Хрустальная сосна - Улин Виктор Викторович (полные книги txt, fb2) 📗
Ведь проблема заключалась даже не только во внешнем давлении, а в деформированности самого нашего восприятия отношений между полами. Ведь ту же Тамару все — в том числе и я — воспринимали не иначе, как шлюху. Хотя, по сути, она была нормальной женщиной, любившей нормальные природные удовольствия и спешившей насладиться ими, пока не прошла молодость. И Вика, раздевшаяся на лугу, тоже опередила время и осталась не понятой мною. Подавляющее большинство моих ровесников, как и я, жили искусственно зашоренными — и что самое страшное, не понимали свой ограниченности и не пытались прорваться к свободе.
Потом в стране прошла революция, секс вышел из-под запрета, во всеуслышание признали, что интимная сторона жизни заслуживает того же внимания, как еда и питье. И если человек обделен в этой сфере, то жизнь не может считаться удачной. И стали распадаться семьи, создававшиеся случайно, без проверки действительной совместимости и сходства характеров. В итоге девяносто девять процентов моих сверстников развелись. Кое-кто нашел новые семьи и был даже счастлив. Иные, подобно Кате, совершили по несколько попыток. Но все-таки многие стали пытаться переделать свою жизнь слишком поздно. И остались к концу века одинокими.
Подобно мне.
7
В гостиной зазвонил телефон, вырывая меня из оцепенения. Разумеется, я не стал брать кухонную трубку: я уже поздравил с наступающим Новым годом тех, кого еще продолжал поздравлять; и мне уже позвонили мэйл-френды из Иерусалима, Джаксонвилля, Канберры и Йоханнесбурга; родных в этом городе у меня не осталось, друзей тоже. Мне некому было звонить и я больше никого не ждал. Все-таки я прислушался, ожидая, чей голос раздастся в ответ на приветствие автоответчика. Но никто ничего не сказал — базовый блок издал несколько коротких гудков и отключился.
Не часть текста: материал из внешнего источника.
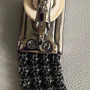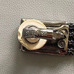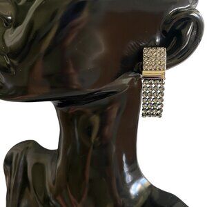 Signed Swarovski Vintage Smoky Crystal Drop Clip On Earrings. Features rectangular Sparkly & bold clip on with cascading strands of pave smoky crystals. Classy & Sexy for formal evenings. Please note one pad on earring shows some wear as pictured, the other is used also but not as noticeable. No original box will come in box pictured.

Вероятно, кто-то ошибся номером, — подумал я. И почти сразу же заверещал сотовый. Не тот, известный половине города, который я использовал в рабочих целях и выключал, едва переступив порог квартиры — а другой. Чей номер знало всего несколько человек, имевших право доступа ко мне в неурочное время. Я прошел в гостиную, взглянул на мигающий дисплей. Я знал этот номер. И, честно говоря, предугадывал звонок с него. Но отвечать не стал. Нажал красную кнопку, оставив телефон немо мигающим. Взглянув на часы, я понял, что, пожалуй, пора готовить место для встречи нового года.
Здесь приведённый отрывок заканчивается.